SOURCE MATERIAL below:
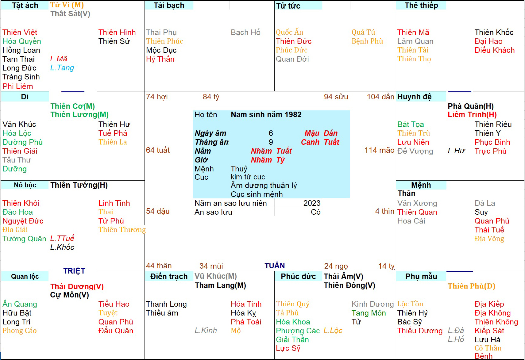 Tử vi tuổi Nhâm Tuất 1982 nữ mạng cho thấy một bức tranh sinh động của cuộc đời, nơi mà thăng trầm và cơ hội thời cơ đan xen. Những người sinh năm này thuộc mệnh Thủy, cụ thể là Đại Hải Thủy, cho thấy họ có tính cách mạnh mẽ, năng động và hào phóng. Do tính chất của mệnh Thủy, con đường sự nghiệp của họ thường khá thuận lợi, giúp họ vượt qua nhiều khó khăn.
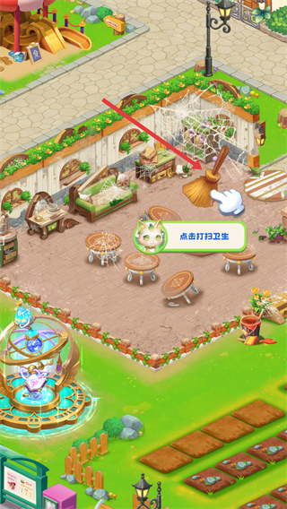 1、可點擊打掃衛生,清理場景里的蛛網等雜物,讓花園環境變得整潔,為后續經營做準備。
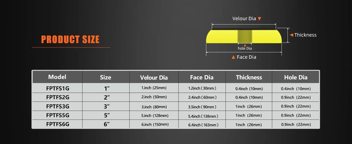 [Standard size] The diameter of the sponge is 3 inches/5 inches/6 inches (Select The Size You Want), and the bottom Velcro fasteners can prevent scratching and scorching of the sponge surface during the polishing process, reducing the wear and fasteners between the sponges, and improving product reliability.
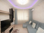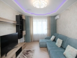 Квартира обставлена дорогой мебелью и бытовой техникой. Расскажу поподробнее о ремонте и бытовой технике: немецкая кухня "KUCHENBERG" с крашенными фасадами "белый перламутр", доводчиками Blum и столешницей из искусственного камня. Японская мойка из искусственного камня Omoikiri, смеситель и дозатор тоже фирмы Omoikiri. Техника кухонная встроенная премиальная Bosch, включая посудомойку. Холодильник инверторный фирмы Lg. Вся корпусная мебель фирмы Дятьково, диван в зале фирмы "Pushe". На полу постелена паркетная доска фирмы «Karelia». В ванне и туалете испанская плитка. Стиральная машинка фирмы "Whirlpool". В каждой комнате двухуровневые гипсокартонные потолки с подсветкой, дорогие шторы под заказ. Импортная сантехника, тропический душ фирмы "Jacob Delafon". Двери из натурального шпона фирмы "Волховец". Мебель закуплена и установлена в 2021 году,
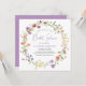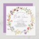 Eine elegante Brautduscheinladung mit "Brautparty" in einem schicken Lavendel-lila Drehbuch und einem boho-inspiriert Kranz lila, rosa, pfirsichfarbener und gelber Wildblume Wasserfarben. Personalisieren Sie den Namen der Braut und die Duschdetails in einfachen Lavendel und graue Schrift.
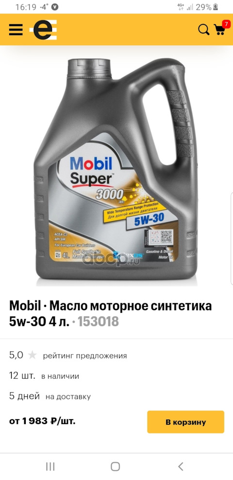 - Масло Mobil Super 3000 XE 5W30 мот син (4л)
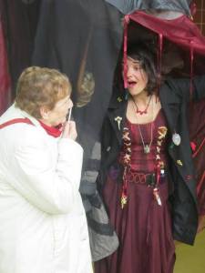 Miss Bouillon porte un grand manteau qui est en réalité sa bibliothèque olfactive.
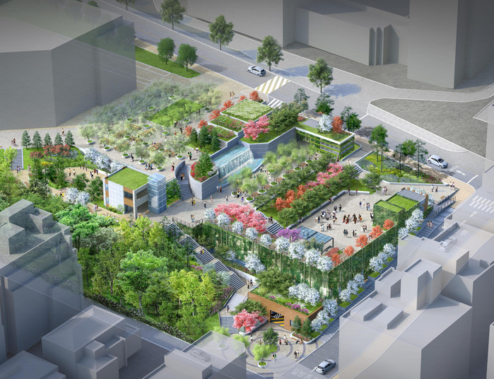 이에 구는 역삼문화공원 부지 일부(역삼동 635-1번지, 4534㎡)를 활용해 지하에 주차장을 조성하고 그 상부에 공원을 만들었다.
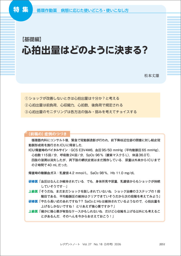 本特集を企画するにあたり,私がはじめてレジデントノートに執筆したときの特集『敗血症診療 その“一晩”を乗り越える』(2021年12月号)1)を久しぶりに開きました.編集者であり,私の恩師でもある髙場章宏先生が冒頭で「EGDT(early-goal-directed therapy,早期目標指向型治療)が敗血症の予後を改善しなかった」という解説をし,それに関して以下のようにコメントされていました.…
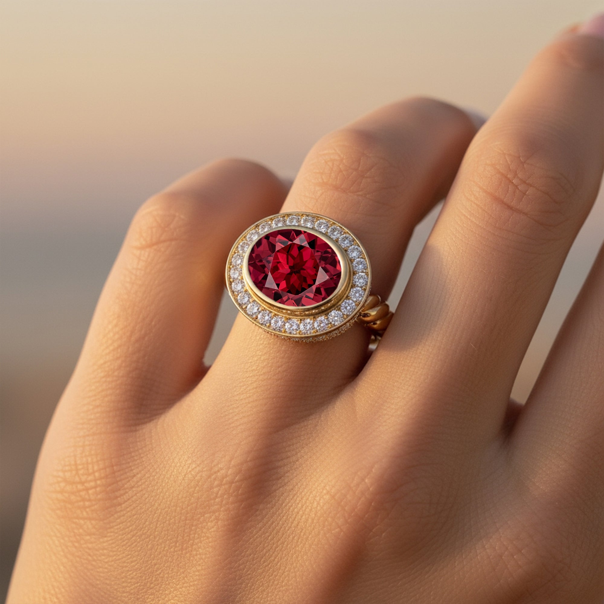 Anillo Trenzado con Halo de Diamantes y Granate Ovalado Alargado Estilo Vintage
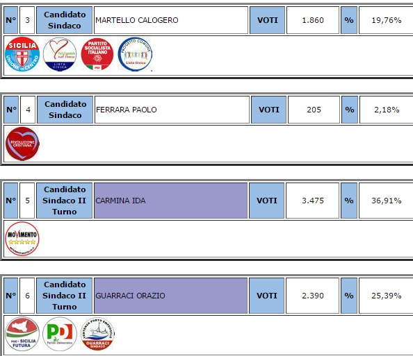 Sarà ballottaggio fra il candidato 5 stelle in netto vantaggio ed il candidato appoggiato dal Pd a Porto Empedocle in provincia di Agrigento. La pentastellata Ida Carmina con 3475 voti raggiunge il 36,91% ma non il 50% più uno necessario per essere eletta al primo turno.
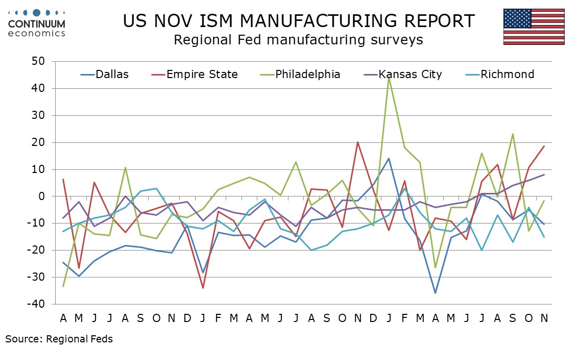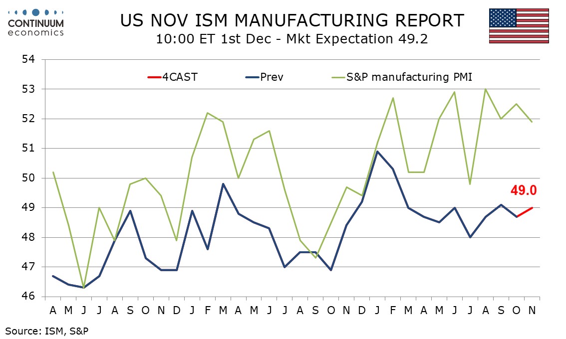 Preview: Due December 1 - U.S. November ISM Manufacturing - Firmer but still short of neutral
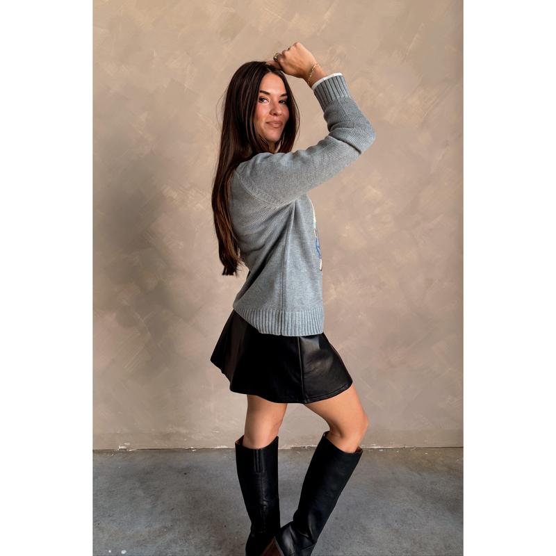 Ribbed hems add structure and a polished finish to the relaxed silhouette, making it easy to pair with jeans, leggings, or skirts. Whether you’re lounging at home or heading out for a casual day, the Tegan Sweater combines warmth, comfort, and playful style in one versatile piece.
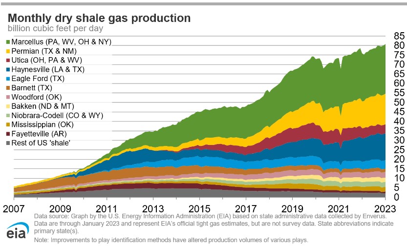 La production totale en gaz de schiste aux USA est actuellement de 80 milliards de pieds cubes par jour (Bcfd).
End of SOURCE MATERIAL.
== PROBLEM REQUIREMENTS ==
Repeat nothing but the lines from the one containing "Ribbed hems add" through the end of the entries, exactly, and skip the pictures.

== TASK SOLUTION ==
 Ribbed hems add structure and a polished finish to the relaxed silhouette, making it easy to pair with jeans, leggings, or skirts. Whether you’re lounging at home or heading out for a casual day, the Tegan Sweater combines warmth, comfort, and playful style in one versatile piece.
 La production totale en gaz de schiste aux USA est actuellement de 80 milliards de pieds cubes par jour (Bcfd).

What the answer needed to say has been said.